PROVIDED ENTRIES:
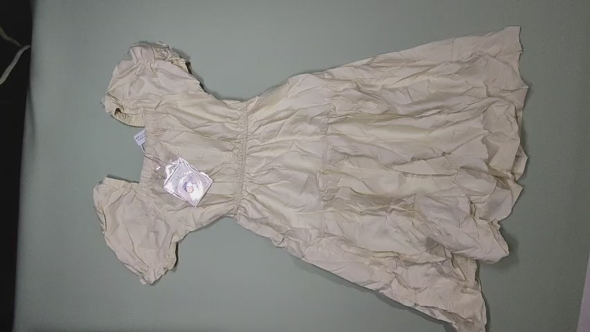 [628]GM 2024 Summer Women's Cream Yellow Puff Sleeve Dress with French Square Neckline Tailored Waist Elegant Slimming Long Dress
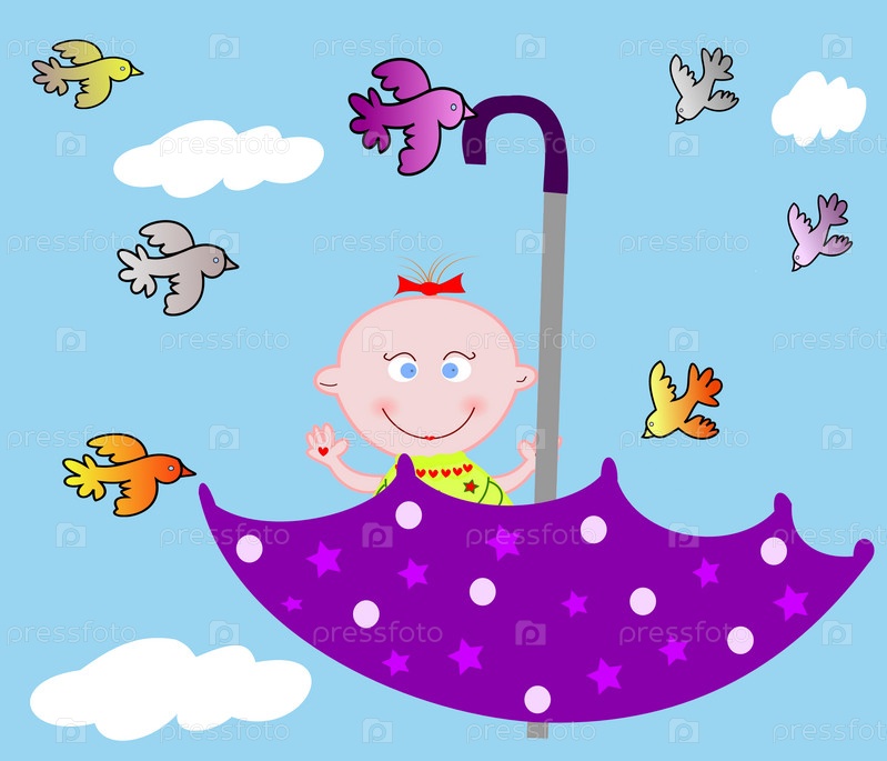 Маленький веселый ребенок в зонтиком на воде с птичками
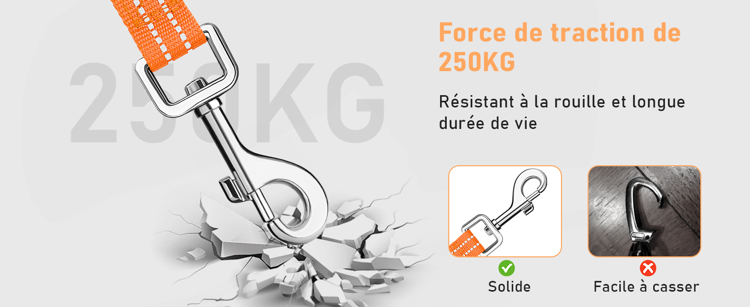 - 【Heavy Duty Hooks】Our hooks are made of zinc alloy, a high quality metal material, ensuring that our hooks can withstand a pulling force of 250kg. The surface of the hook is nickel-plated, which has the advantage of rust and corrosion resistance, smooth and not wear out. The hook can be rotated 360° to prevent the dog lanyard from getting tangled. Just press to connect the dog’s collar or chest strap.
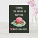 Este cartão de Dia de as mães minimalista, mas significativo, celebra tudo o que as mães aprendem na viagem de parentalidade. A Frente Negra e Burundi apresenta o texto retrorreflector pensado: "OBRIGADO POR SE APOIAR COMIGO. Amo-te, mãe" e pudim bonito. Dentro, pode ser deixado vazio para a sua própria mensagem pessoal. Se você decidir editar um texto - ele será impresso O design aberto diz muito com apenas algumas palavras simples. É o cartão perfeito para as mães que cresceram e descobriram mais sobre a vida e sobre elas mesmas através da criação do seu filho. Sua mãe apreciará o reconhecimento de que a maternidade a moldou de maneiras profundas. Que este cartão seja um lembrete para refletir sobre as lições que aprenderam juntos e para a obrigado pela sua orientação altruísta ao longo do caminho. Personalize com foto se quiser.
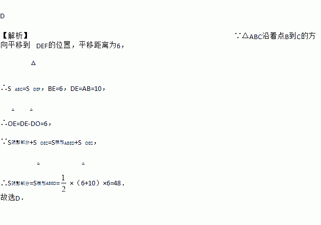 如图,将直角三角形ABC沿着点B到C的方向平移到三角形DEF的位置,DE与AC交于点O.若AB=10,DO=4,平移的距离为6,则阴影部分面积为( )
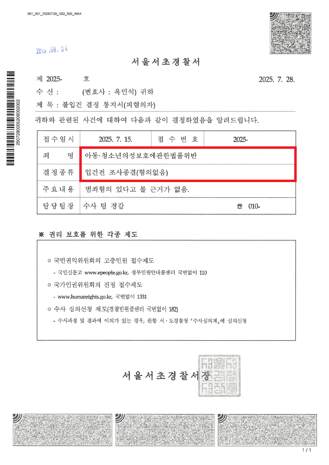 이러한 저의 조력을 바탕으로 A씨는 경찰단계에서 '불입건(혐의없음)' 결정을 받음으로써 압수·수색 영장을 집행당하지 않고 수사개시통보가 되지 않으며 수사기록도 남지 않는 등 어떠한 불이익도 받지 않은 채 일생일대의 위기에서 벗어날 수 있었습니다.
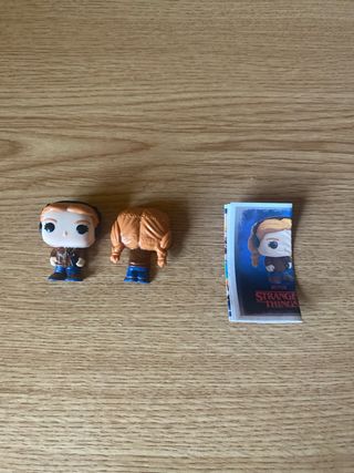 Figura de Funko Pop, inspirada en Stranger Things y proveniente de Kinder Joy. Es ideal para los fans de la serie y de las figuras. - Cada figura 2 euros. - Diseño de Stranger Things. - Colección Kinder Joy.

DIRECTIONS: Exclude the pictures and reproduce every entry exactly.

OUTPUT:
 [628]GM 2024 Summer Women's Cream Yellow Puff Sleeve Dress with French Square Neckline Tailored Waist Elegant Slimming Long Dress
 Маленький веселый ребенок в зонтиком на воде с птичками
 - 【Heavy Duty Hooks】Our hooks are made of zinc alloy, a high quality metal material, ensuring that our hooks can withstand a pulling force of 250kg. The surface of the hook is nickel-plated, which has the advantage of rust and corrosion resistance, smooth and not wear out. The hook can be rotated 360° to prevent the dog lanyard from getting tangled. Just press to connect the dog’s collar or chest strap.
 Este cartão de Dia de as mães minimalista, mas significativo, celebra tudo o que as mães aprendem na viagem de parentalidade. A Frente Negra e Burundi apresenta o texto retrorreflector pensado: "OBRIGADO POR SE APOIAR COMIGO. Amo-te, mãe" e pudim bonito. Dentro, pode ser deixado vazio para a sua própria mensagem pessoal. Se você decidir editar um texto - ele será impresso O design aberto diz muito com apenas algumas palavras simples. É o cartão perfeito para as mães que cresceram e descobriram mais sobre a vida e sobre elas mesmas através da criação do seu filho. Sua mãe apreciará o reconhecimento de que a maternidade a moldou de maneiras profundas. Que este cartão seja um lembrete para refletir sobre as lições que aprenderam juntos e para a obrigado pela sua orientação altruísta ao longo do caminho. Personalize com foto se quiser.
 如图,将直角三角形ABC沿着点B到C的方向平移到三角形DEF的位置,DE与AC交于点O.若AB=10,DO=4,平移的距离为6,则阴影部分面积为( )
 이러한 저의 조력을 바탕으로 A씨는 경찰단계에서 '불입건(혐의없음)' 결정을 받음으로써 압수·수색 영장을 집행당하지 않고 수사개시통보가 되지 않으며 수사기록도 남지 않는 등 어떠한 불이익도 받지 않은 채 일생일대의 위기에서 벗어날 수 있었습니다.
 Figura de Funko Pop, inspirada en Stranger Things y proveniente de Kinder Joy. Es ideal para los fans de la serie y de las figuras. - Cada figura 2 euros. - Diseño de Stranger Things. - Colección Kinder Joy.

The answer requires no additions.